Барабашев, по отъезде из Перми сделавшийся флегматичным, под бурливую речь курил самокрутки, осыпая бороду пеплом, мял книжные страницы и изредка вставлял куцые пассажи, обыкновенно упразднявшие всё сказанное Николушкой ранее. Посетить родное Николушкино село, Набельцево, он соглашался в манере столь же вялой. Прежний его «интерес к изучению жизнеуклада захолустников» иссякал ещё в Пальниках, где учёный делал вывод об однообразии подорожных деревень и погружался в многогранство книг. А Николушка, несмотря на очевидную скуку товарища, продолжал расписывать и родное село («большое, но не слишком, а такое как надо»), и барское имение («аж две десятины и всё под постройками»), и отца своего, Ефима Матвеича («бывшего барином при том ещё режиме и оставшегося барином нынче»), и мать («происхождением из сосланных, но приличных») и, конечно же, сестер («голу́бок»).
Из всех Николушкиных рассказов вслушивался Барабашев, пожалуй, только в один: о том, как батюшкин сосед и отец общего их знакомого, «прощелыга Крылевский», устраивал близ Набельцево медный рудник, только вот не смог достать и грамма руды и всё своё устроительство скоро обрушивал. «А вот батюшке моему ума-то хватило не ввязываться в затею. Он-то наперёд глядел!» – завершал Николушка довольно, но заговаривать об этом предприятии не любил оттого, что сам толком не понимал, как дело обстояло.

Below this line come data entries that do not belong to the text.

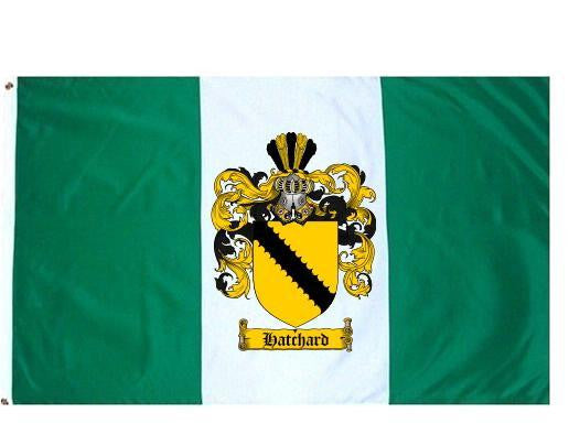 Hatchard Family Crest Flag / Coat of Arms Flag. You will receive a high quality 3' x 5' Polyester flag with two brass grommets. Proudly display your family heritage with this flag, or hang as a banner on a wall. Our flags make great gifts for birthdays, weddings, anniversaries, fathers day, mothers day, groomsmen gifts, and any other occasion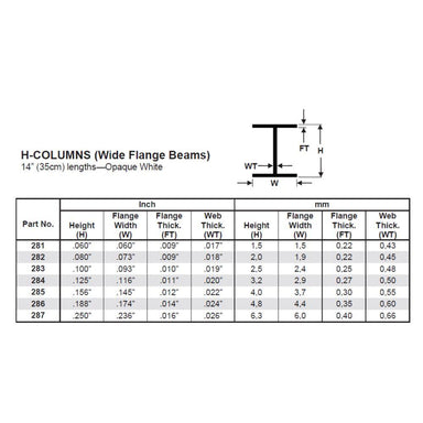 There are 4 StripStyrene .060" H-Columns Within This Evergreen Scale Models Package.FEATURES: Use for vertical or horizontal members in the constru...
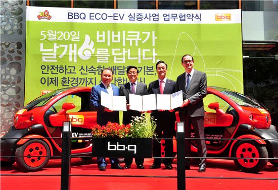 BBQ는 20일 제르노삼성자동차와 초소형전기차 실증운행 업무협약(MOU)을 체결하고 치킨프랜차이즈 BBQ의 배달용 스쿠터를 초소형 전기차로 교체하기 위한 실증운영에 나서기로 했다.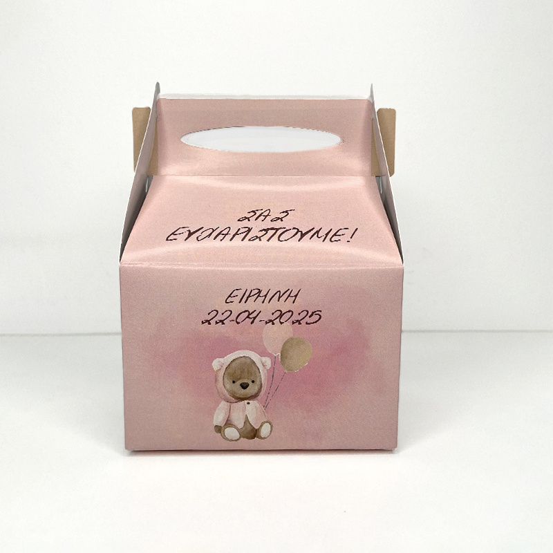 Χάρτινο κουτί Αρκουδάκι για Κορίτσι για συσκευασία δώρου σε βάπτιση και πάρτυ.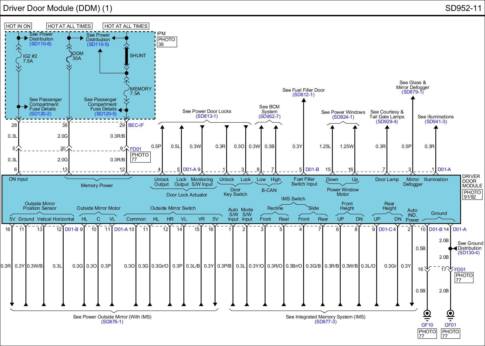 Driver Door Module (DDM) (2) Connector Pin Outs: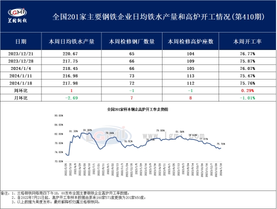 蘭格調研:全國201家生產企業高爐開工數據周報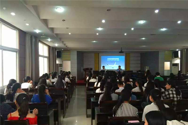 次日,在副校长邹建峰的陪同下,李天宇副院长在校图书馆五楼会议室对同学们进行了航空旅游服务专业方面的介绍和宣传动员。同学们表示出极大的兴趣,现场就有同学报名面试。此次签约仪式以及讲座的顺利举行意味着我校航空服务专业的正式启动。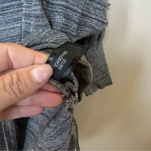 Express - Grey & metallic silver tunic sweater, size S. Boatneck, 3/4 length dolman sleeves. Ruched... Show more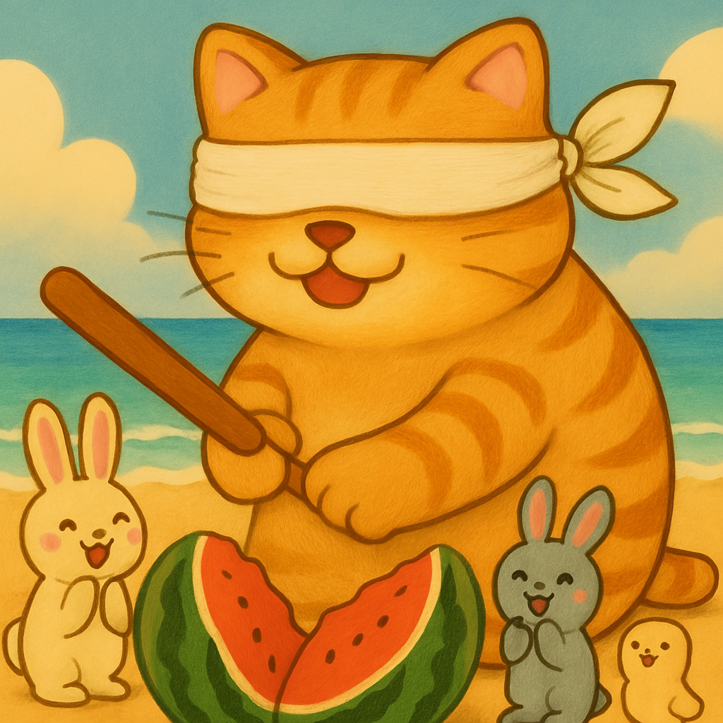 While watermelon splitting, or ‘suikawari,’ may seem like a simple and silly game・・・・?💻 Created with AI / AIで作成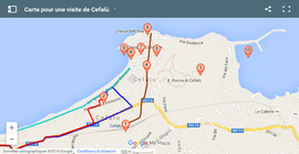 Comme le montre la carte ci-dessus, la gare de Cefalu (point n°1) se trouve dans une position assez centrale, à quelques centaines de mètres du centre historique et de la plage.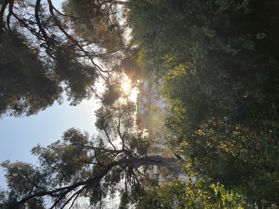 The image depicts a view looking up through trees towards a bright sky with the sun shining through the foliage. The left side shows the silhouettes of pine tree branches with dense foliage. The right side is filled with lush green trees, catching sunlight. A building is visible in the middle of the image, partially obscured by the trees. The perspective is from ground level looking vertically upwards.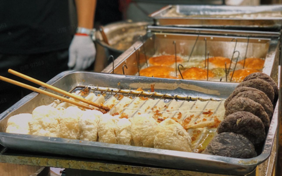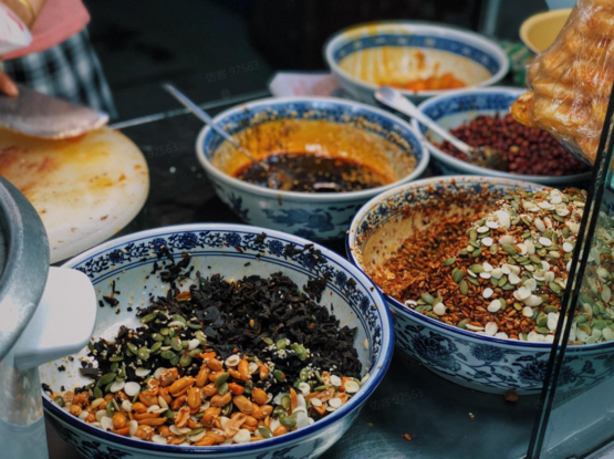 还有西安夜市名吃麻酱涮牛肚,竹签简单穿着牛肚串儿,香喷喷的麻酱掺了点油香的辣子,这个酱料简直蘸鞋底都香。常见组合是豆皮和牛肚,荤素搭配,好吃不贵。
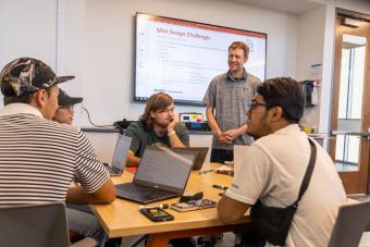 Students discuss a mini design challenge with Adjunct Professor Garrett Erickson during their first day of Design I in McNeil Hall.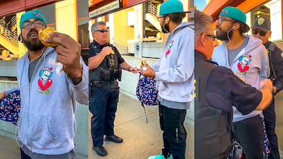 But not at police cuffing a commuter with attitude (you can watch the entire, unedited video here, but keep in mind it begins after the initial confrontation) for violating a civic ordinance designed to maintain the cleanliness of the BART system.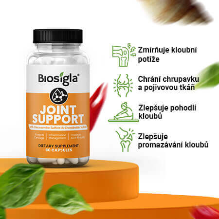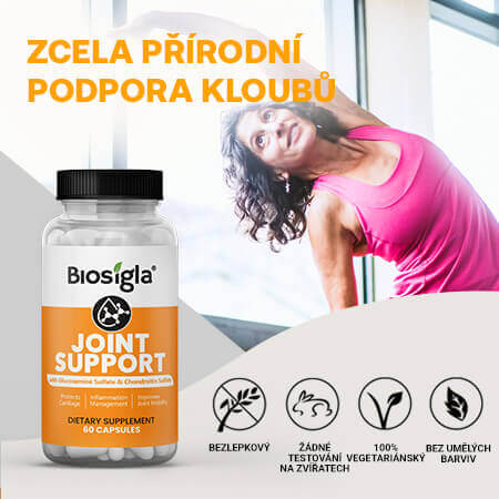 Joint Support je účinná přírodní směs zaměřená na podporu kloubů, pohyblivosti a flexibility. Pomůže vám obnovit chrupavky a kloubní struktury. Snížení zánětu ve vašem těle ochrání kloubní tkáně. Rozlučte se s bolestmi a nepříjemnými pocity, které přicházejí s věkem, váhou nebo sportovním zhoršením kloubů v těle. Zlepšená pohyblivost vám usnadní život a učiní ho šťastnějším. Ciťte se každý den pohodlněji ve své kůži!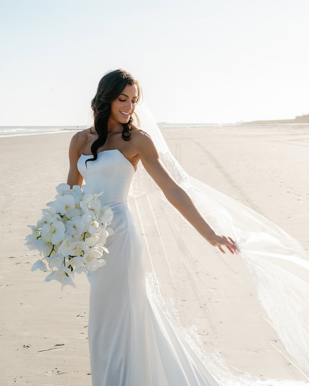 There’s something about a strapless satin gown on an open stretch of sand that just feels cinematic. The clean neckline, the way the fabric skims the body, that long veil catching the sea breeze, it’s understated but unforgettable. Paired with a bouquet of crisp white orchids, this look leans into that barefoot-luxury mood coastal brides love.
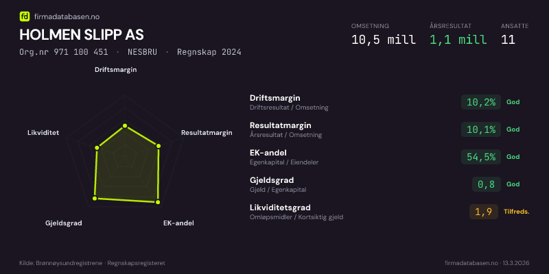 HOLMEN SLIPP AS,NESBRU — jo større areal, jo sterkere økonomi.Org.nr 971 100 451 · Regnskap2024
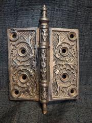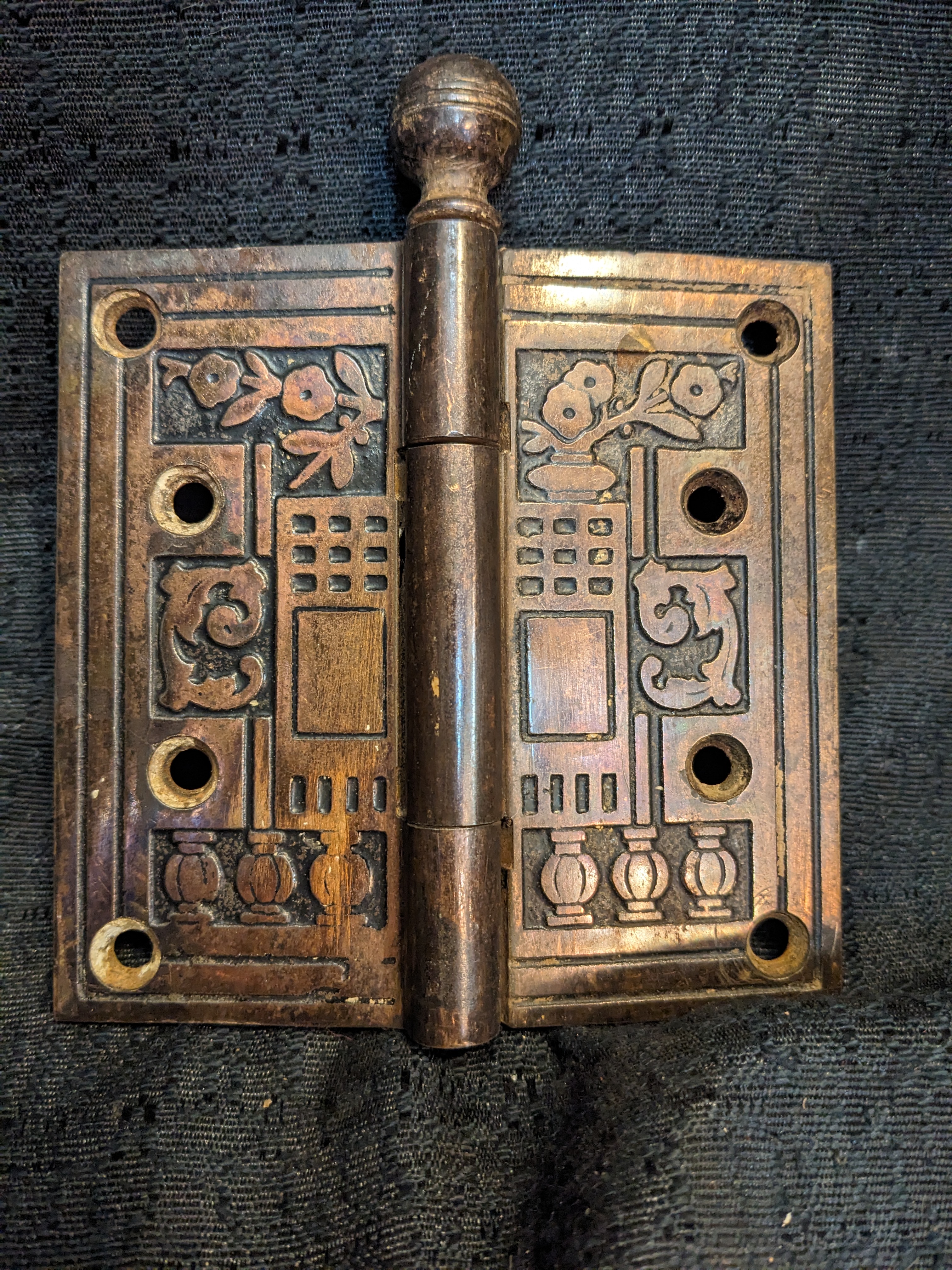 This Art Deco style hinge features a flower motif and measures 4 x 4. As Is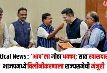 Political News : ‘आप’ला मोठा धक्का; सात खासदारांच्या भाजपमध्ये विलीनीकरणाला राज्यसभेची मंजुरी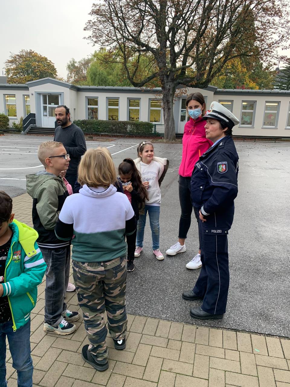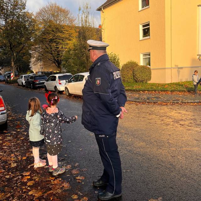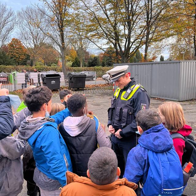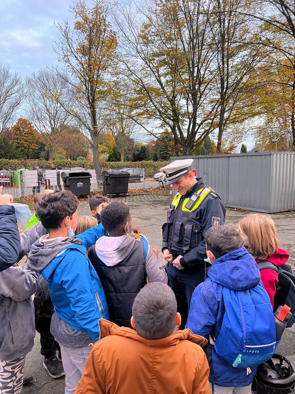 Polizist Markus Robusch von der Polizei Essen hat den Kindern nochmal die Verkehrssituation erklärt: "Besonders wichtig ist es auch an diesem Zebrastreifen wieder genau zu gucken. Oftmals können die LKW-Fahrer die Kinder auf der Straße nicht richtig sehen, weil das Führerhaus so hoch ist", erzählt er.

Задав пару вопросов, Пётр Алексеевич от убожества объяснений уставал, сам же прерывал их на полуслове и втягивал голову в плечи – скудность Николушкиного образования его тяготила. Свою презрительность к барчуку учёный и не старался прятать: он-то, как сын фабриканта, смладу в подобной презрительности жил, своё место знал и остальным их место указывал. Аристократических кровей в Петре Алексеевиче не текло, но в петербуржские и московские круги le fils de ce fameux Barabachève1 был вхож и известен благодаря своему (а более, отцовскому) капиталу.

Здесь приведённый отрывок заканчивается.